ESPN Player to premiere content from the ESPN Films library and Backwater docuseries.

Streaming service ESPN Player will premiere two new features from it’s Backstory docuseries and ESPN Films library.
Leading the content from Monday 29th June is the latest installment from the Backstory docuseries which goes behind sports’ biggest headlines to find the story behind the story. Hosted by Pulitzer Prize-winner Don Van Natta, Jr, Backstory: The Decision examines the legacy of Lebron James ESPN special ‘The Decision’ a decade on from the infamous broadcast and the effect it has had on NBA free agents, a new era of player empowerment.
NBA Commissioner David Stern was among those who wasn’t pleased with the way it was handled. Backstory: The Decision goes behind the scenes to explore the developments that led to “The Decision,” and explores the broadcast’s far-reaching consequences by examining the legacy of its findings for NBA free agents, including LeBron, in a new era of player empowerment.

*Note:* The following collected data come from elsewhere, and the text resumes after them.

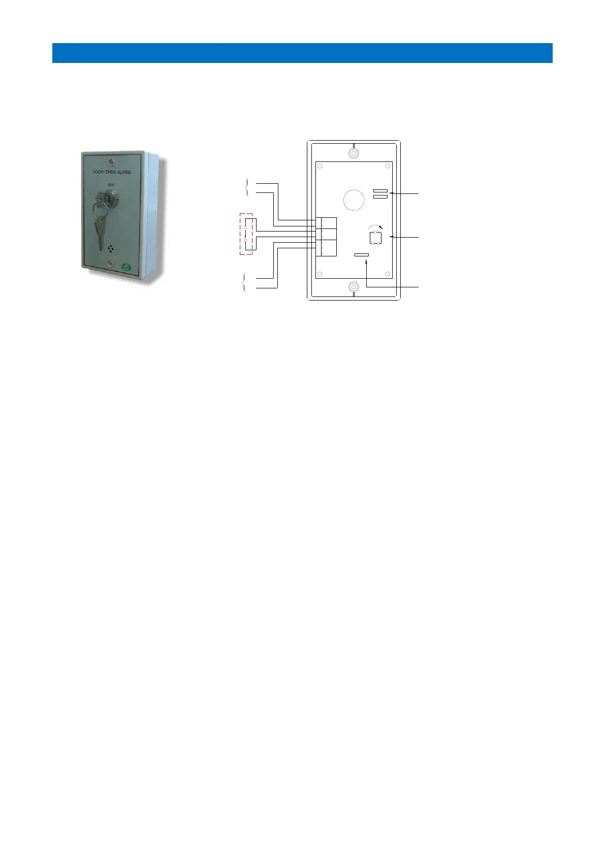Fix the Door Open Alarm alongside the monitored door at a height where the isolation key switch can easily be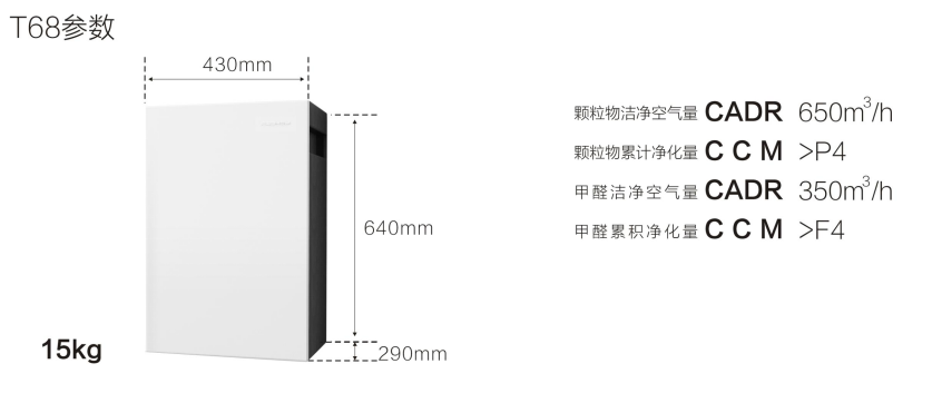 T68主打10小時新房拎包入住的概念,其強大CADR值及甲醛去除能力使其成為現場最受矚目的明星單品。T68卓越的凈化效果源于四層高效濾網的層層凈化:高品質初效濾網、微納米超防護濾網、核心CH-cut醛分解濾網和多功能復合濾網。此外,T68搭載日本NIDEC優質電機,低噪音,長壽命,性能優越,可連續運轉20000個小時,提供穩定高效的澎湃動力。CADR顆粒物700m3/h和 CADR甲醛350m3/h的優良表現使其真正做到了新國標的“三高一低”。
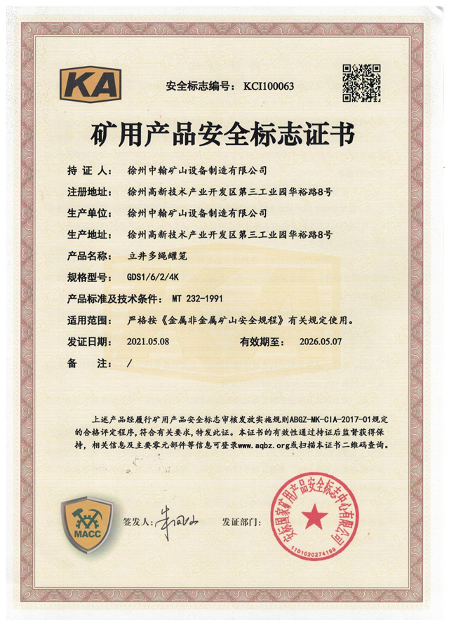 JDS9立井單繩罐籠礦安證...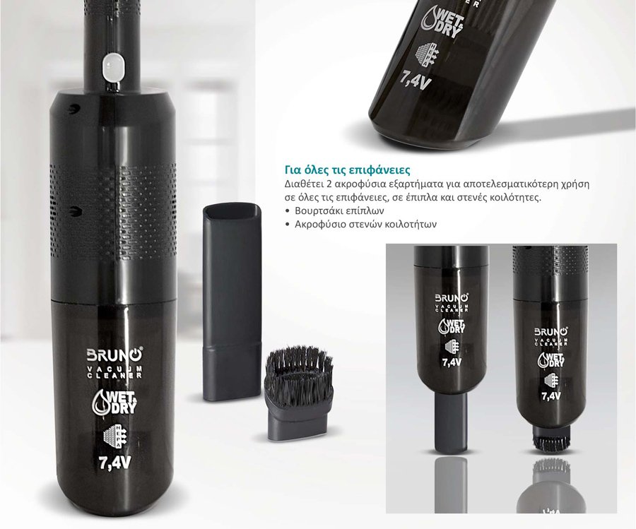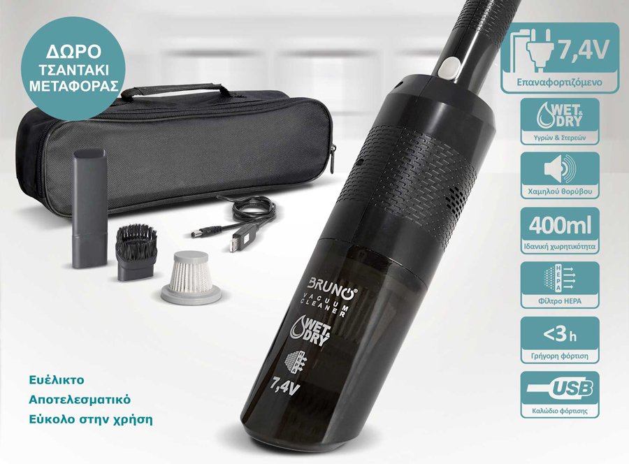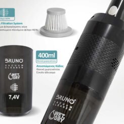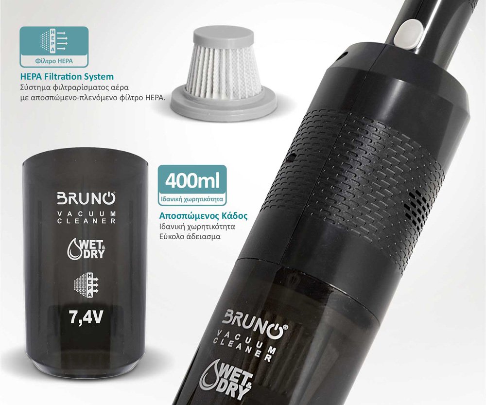 BRUNO σκουπάκι υγρών & στερεών BRN-0125, επαναφορτιζόμενο, φίλτρο HEPA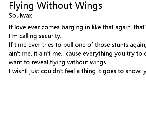| If time ever tries to pull one of those stunts again, you'd better believe, it ain't me, it ain't me. 'cause everything you try to conceal is everything you want to reveal flying without wings | |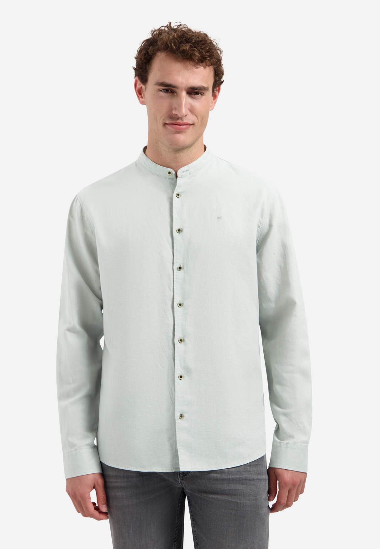 Dieses Langarmhemd hat einen Stehkragen und ist aus einer leichten Leinen-Baumwollmischung gefertigt. Es hat einen modernen, klaren Look und lässt sich leicht mit Chinos oder unter einer leichten Jacke kombinieren.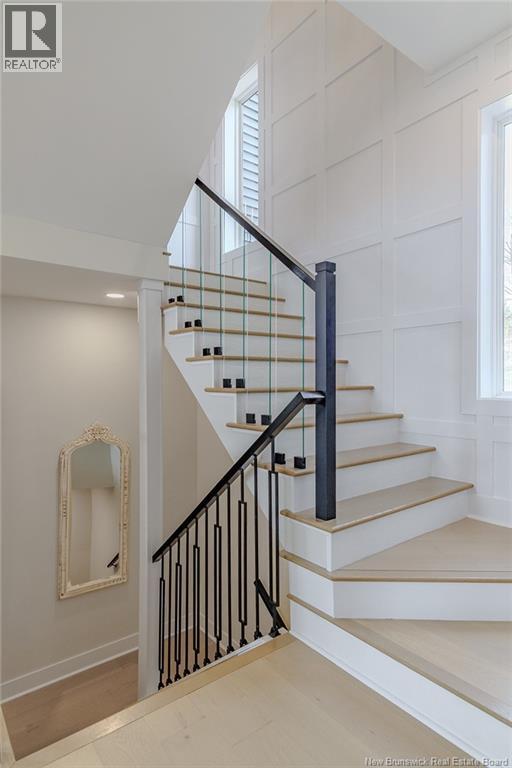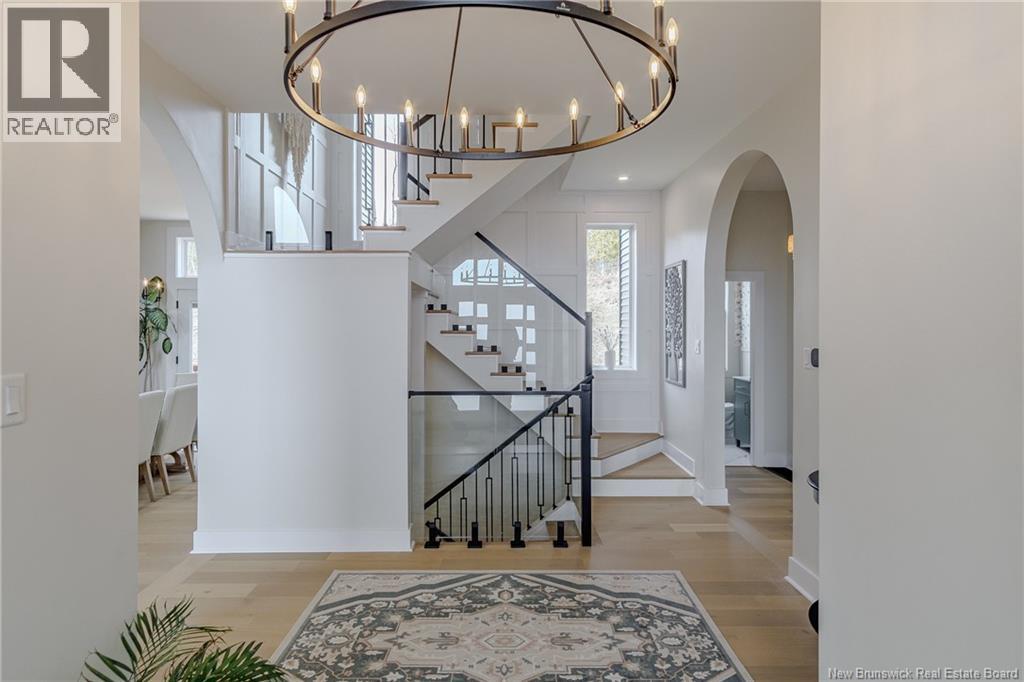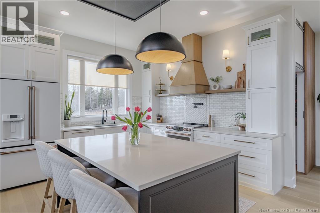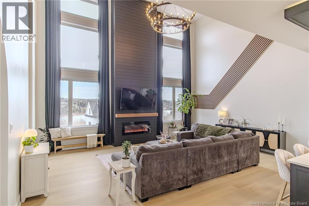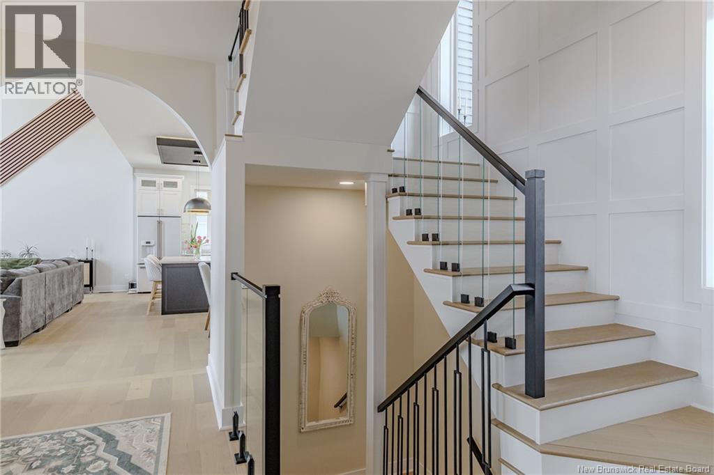 Designed for the modern professional, this exceptional 4078 sq ft residence pairs elevated design with effortless everyday living in one of Quispamsis most sought after locations. Soaring ceilings and a statement fireplace anchor the great room, while expansive windows flood the space with natural light and tranquil lake views, creating an inspiring setting for both entertaining and unwinding. The kitchen reflects todays expectations for style and performance, showcasing smart appliances, custom cabinetry, a generous island and a discreet walk-in pantry that blends function with sophistication. The dining area comfortably hosts intimate dinners or larger gatherings within a seamless, open concept layout. Your main floor primary suite offers a private retreat with its own fireplace, a spacious walk through closet and a spa-like ensuite designed for comfort and calm. The architectural glass staircase, enhanced with beautiful custom panelling, leads to an upper level with 3 well proportioned bedrooms, an efficiently designed laundry room and a bright gallery space ideal for work or relaxation. The finished walk out level adds versatility with space for a media room and newly added home office, complete with kitchenette and full bath. An oversized garage and low maintenance lot enhance everyday convenience, while your location places you steps from Ritchie Lake trails, top rated schools and nearby amenities, delivering a refined lifestyle with true walkable appeal. (id:35613)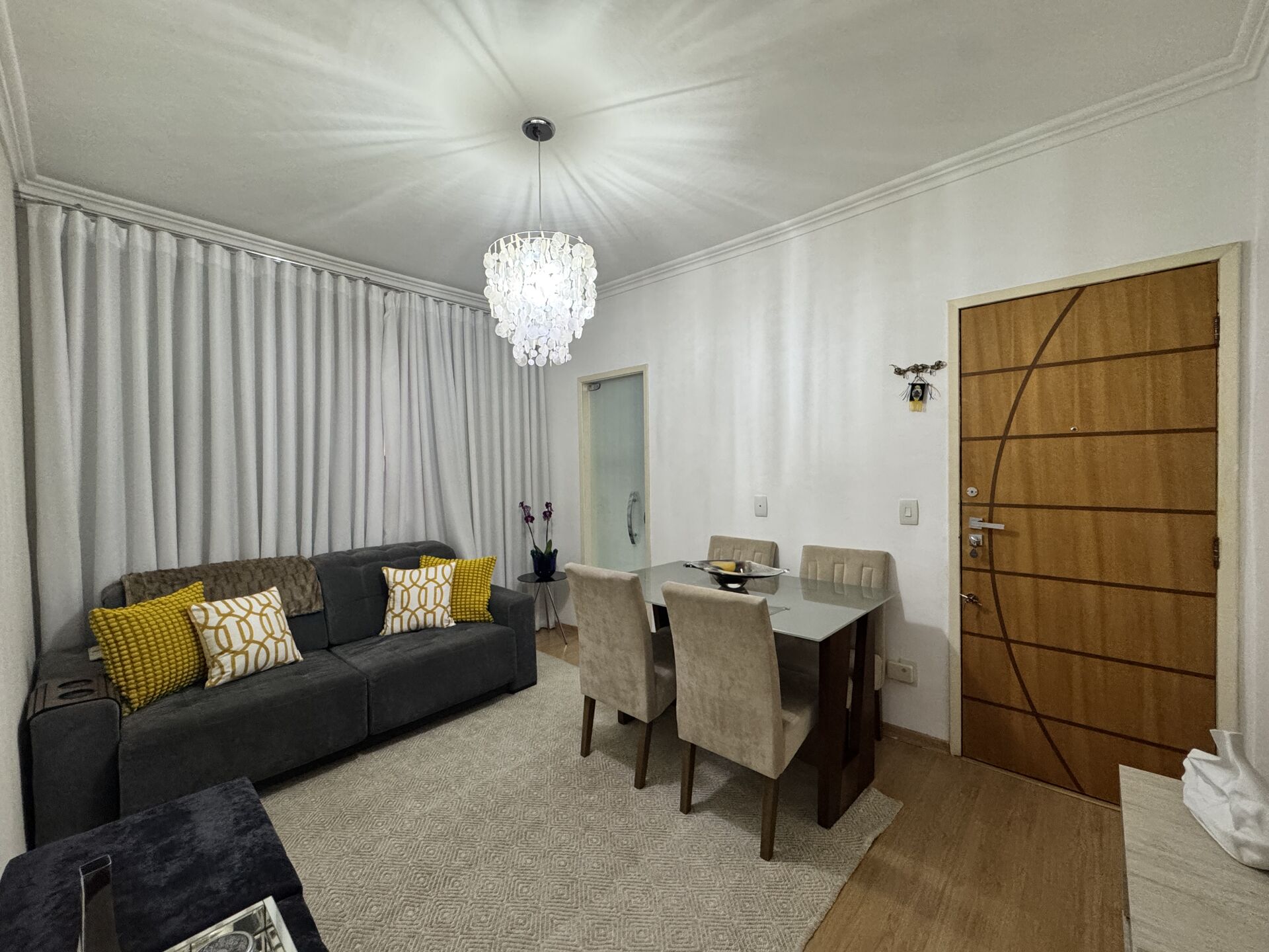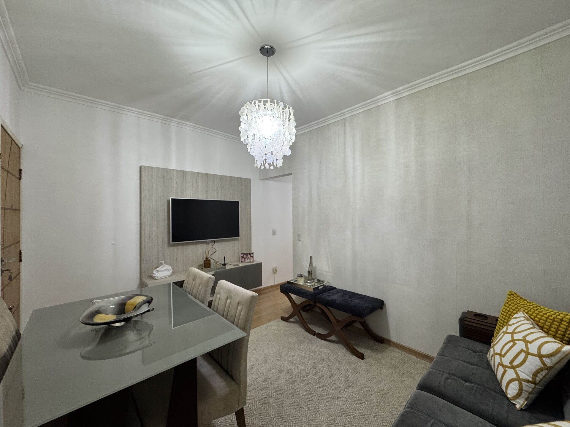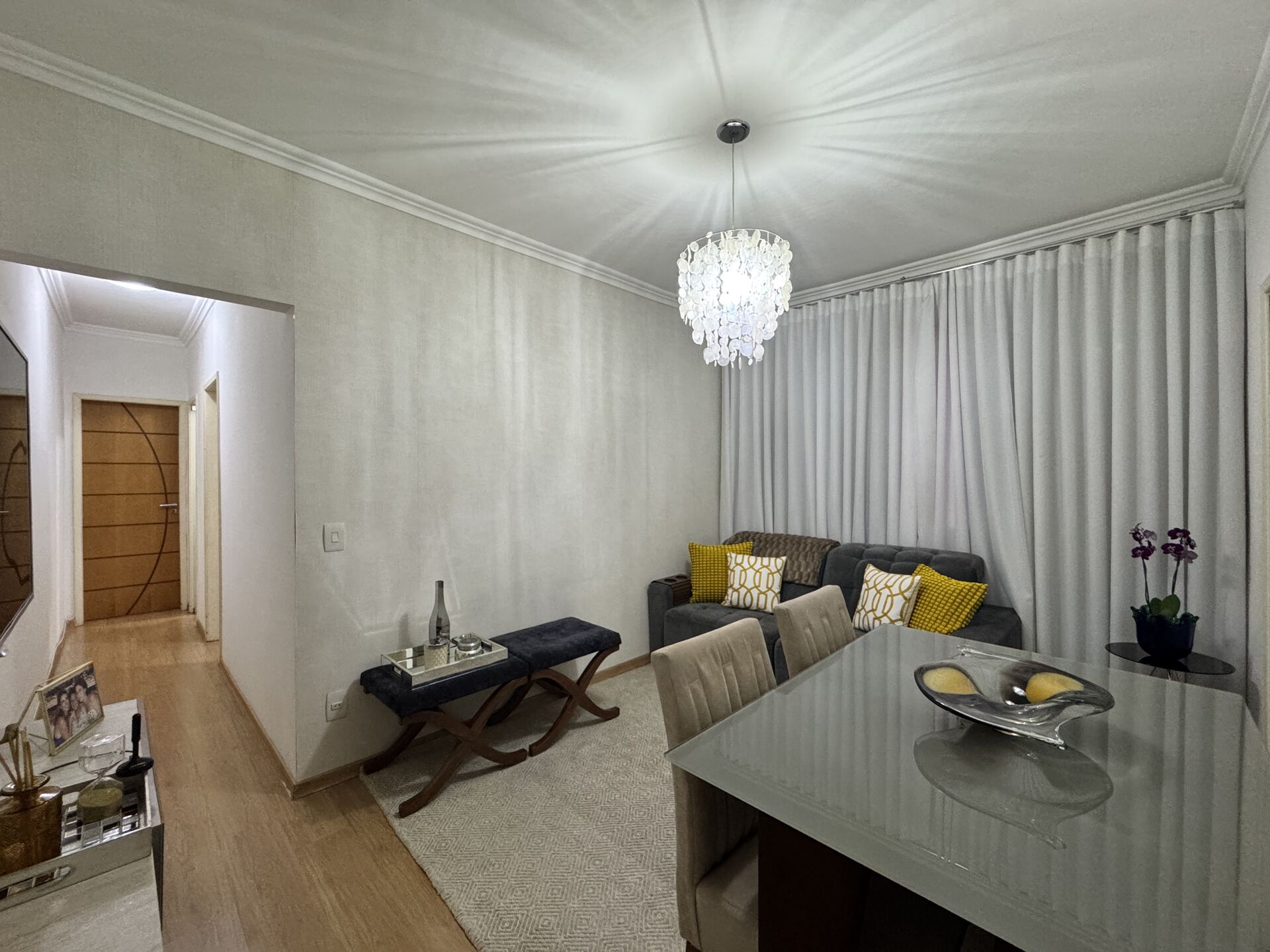 Sala: Mesa de madeira/vidro com quatro cadeiras, mesa de canto, dois bancos, televisor e cortina;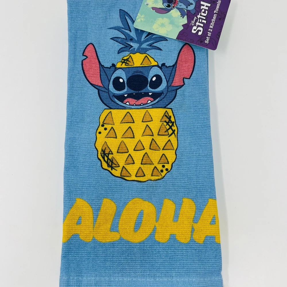 Disney Lilo & Stitch 2 Pack Hand Kitchen Bathroom Towels Aloha Pineapple NWT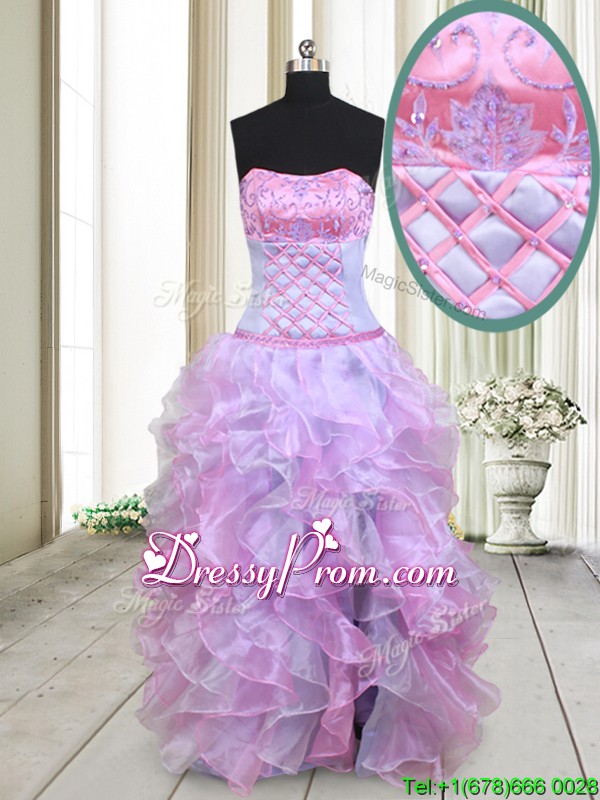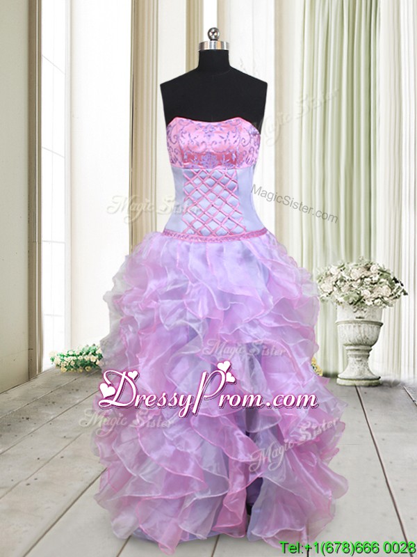 Neckline : StraplessShown Color : Multi-colorSilhouette : EmpireSleeve Length : sleevelessHemline : floor lengthBack Detail : Lace upFabric : OrganzaEmbellishment : Beading,RufflesOccasion : Prom,Formal Evening,Party,Homecoming,Graduation,PageantSeason : Spring,Summer,Fall,Winter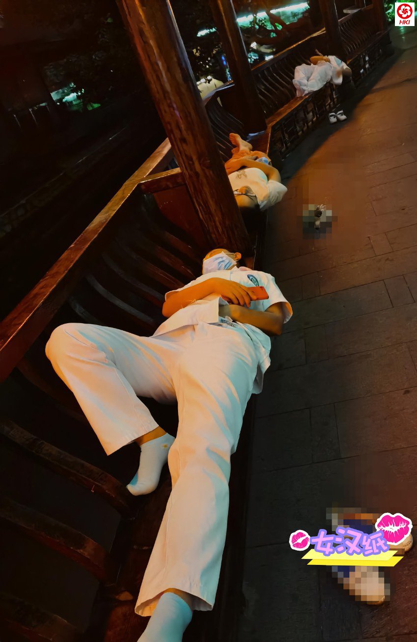一直到凌晨12点,采样工作还在进行。这个时间点,工作量稍有减少,部分工作人员赶紧抓紧时间休息,储存体力,之后还要去换下夜里值守的同事。他们说:“如果你看到这样一群女孩子,在广场座椅上、角落里不顾形象地席地而躺,请谅解。她们实在是太困了!”
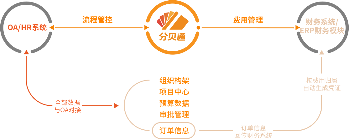 打通前端的OA/HR,后端财务/ERP系统,形成数据的互联互通

Also new to ESPN Player is ESPN Films Blackfeet Boxing, on July 1st, a unique and compelling feature examining a battle of survival for Native American women as the Blackfeet boxing gym on the Blackfeet Reservation in Montana offers the opportunity for women to protect themselves and preserve their hopes.
Frank Kipp, who was born and raised on the Blackfeet Reservation, and worked as a probation officer there, witnessed the damage to its women and girls firsthand. It scarred him, and his people. He decided to fight back, in the way he most understood. In 2003, Kipp—a former welterweight who won 38 bouts as an amateur—opened the Blackfeet Boxing Club.
The gym has trained more than 500 boxers on the reservation, but for Frank, over time, its most important fighters were the young women and girls, including his daughter Donna, who came in search of more than a heavy bag. They sought a way to protect themselves and preserve their hopes.
Blackfeet Boxing tells the story of one girl who never made it to the gym, Ashley Loring Heavyrunner. Her family still searches for her across the vast sweep of the reservation where she disappeared in June 2017, as her sister Kimberly fights for recognition and justice in the face of collective indifference from tribal and federal law enforcement and state and national government.